Hermes

Experimental

Hermes support is experimental. Enzyme connects Hermes to the markdown workspace where your durable knowledge already lives. Instead of waiting for memory to accumulate through chat, Hermes can start from notes, decisions, meetings, people pages, project logs, and session summaries you already have.

Markdown stays the source of truth. Enzyme indexes the vault locally, preserves the structure already present, and refreshes new markdown as the agent writes.

What changes

With Enzyme active, Hermes gets:

  • Vault recall before the answer: relevant notes can be retrieved before Hermes responds.
  • Continuity across sessions: current questions can be connected to older work, decisions, people, and projects.
  • Markdown writeback: durable session facts can be written into the vault and refreshed into future recall.

Hermes still has its own session history. Enzyme gives it a structured view of the workspace around that session.

Why this is different

Most memory providers start from conversation history and derive user facts over time. Enzyme starts from the user’s existing corpus. It reads folders, dates, tags, frontmatter fields, and wikilinks as retrieval signal.

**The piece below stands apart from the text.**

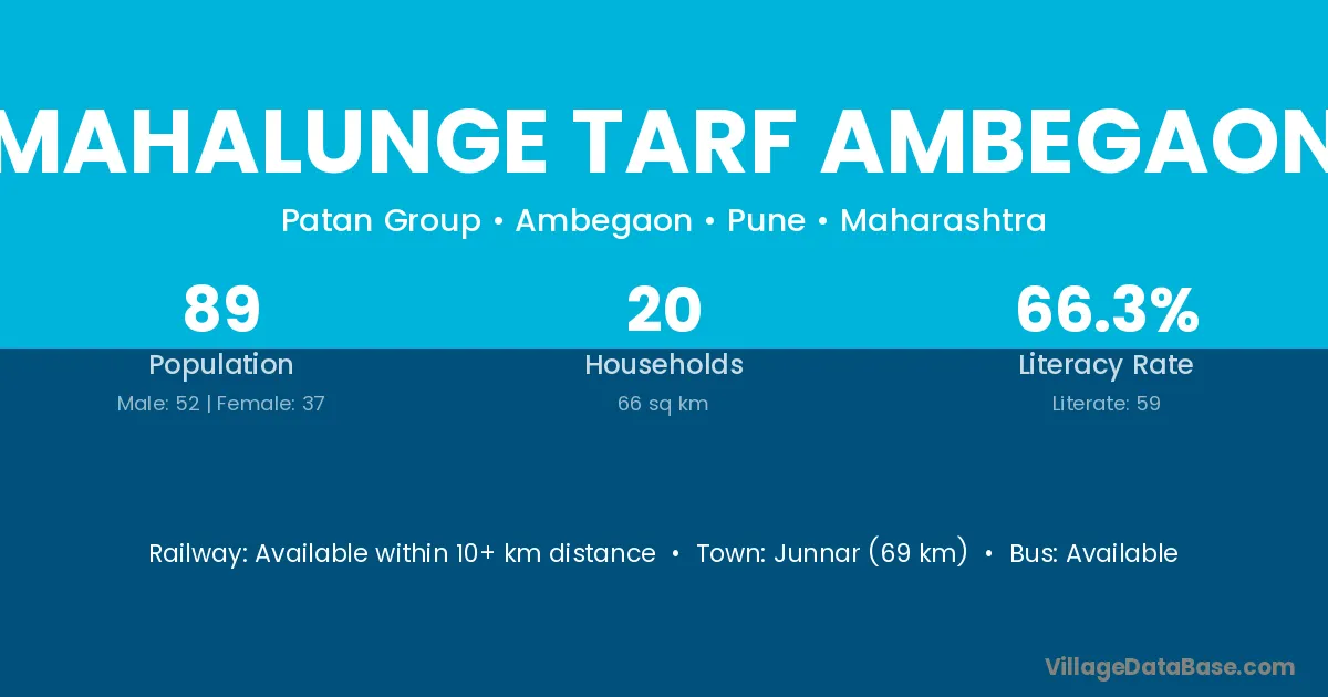 Mahalunge Tarf Ambegaon village has a total population of 89 people, of which 52 are males and 37 are females.

That matters for Obsidian users and teams with established knowledge bases. Setup should recognize patterns like:

  • inbox/, daily/, meetings/, projects/, people/, clients/, or similar folders
  • frontmatter fields such as tags, created, date, people, companies, clients, and projects
  • wikilinks for people, organizations, ideas, and recurring workstreams

Enzyme can suggest improvements, but it should not silently reorganize a vault.

Install Enzyme

Install the Enzyme CLI on the Hermes machine:

curl -fsSL enzyme.garden/install.sh | bash

Then install the Hermes skill from the workspace root you want indexed:

cd /path/to/workspace
enzyme install hermes
hermes

The Quickstart covers local CLI setup. This page covers the Hermes memory path.

Configure Hermes memory

Start Hermes from the workspace root after running enzyme install hermes. The installed skill gives Hermes the setup and retrieval workflow for that markdown corpus.

First run

In a new Hermes session, ask:

Set up Enzyme for this workspace.

Hermes should get Enzyme ready and then use it for workspace recall. For the full agent workflow, see the Enzyme agent skill.

Available commands

Hermes can use the normal Enzyme CLI from the workspace root:

CommandWhat it does
enzyme scanInspects markdown folders, frontmatter, tags, and likely vault structure.
enzyme initBuilds the index, catalysts, embeddings, and similarities.
enzyme petriReturns active entities, catalysts, and orientation context.
enzyme catalyzeSearches through catalyst-guided semantic recall with file/date/source traces.
enzyme refreshUpdates the index after new markdown writes.

The Enzyme skill is the durable instruction set for setup, retrieval, and markdown writeback policy.

Verify the integration

Ask Hermes:

What has been active across this workspace lately, and what older notes should inform what I work on next?

A useful answer should cite concrete files and connect themes across time. If it only lists filenames or recent edits, the config probably missed the folders where the real work lives.

For a fuller test plan, see Verify memory.

Configuration

Hermes uses the workspace where it is launched. Run enzyme install hermes from that markdown workspace so Enzyme can write the workspace marker and install the runtime skill.

Vault-specific Enzyme settings live in ~/.enzyme/config.toml under the workspace’s absolute path. The important fields are the selected entities, excluded noisy folders/tags/links, and optional targets. enzyme init and enzyme refresh use Enzyme hosted credits/auth by default; provider environment variables such as OPENAI_API_KEY are used only when you intentionally run with --use-env-llm.

These settings should describe the vault the user already has. They should not force a new memory hierarchy.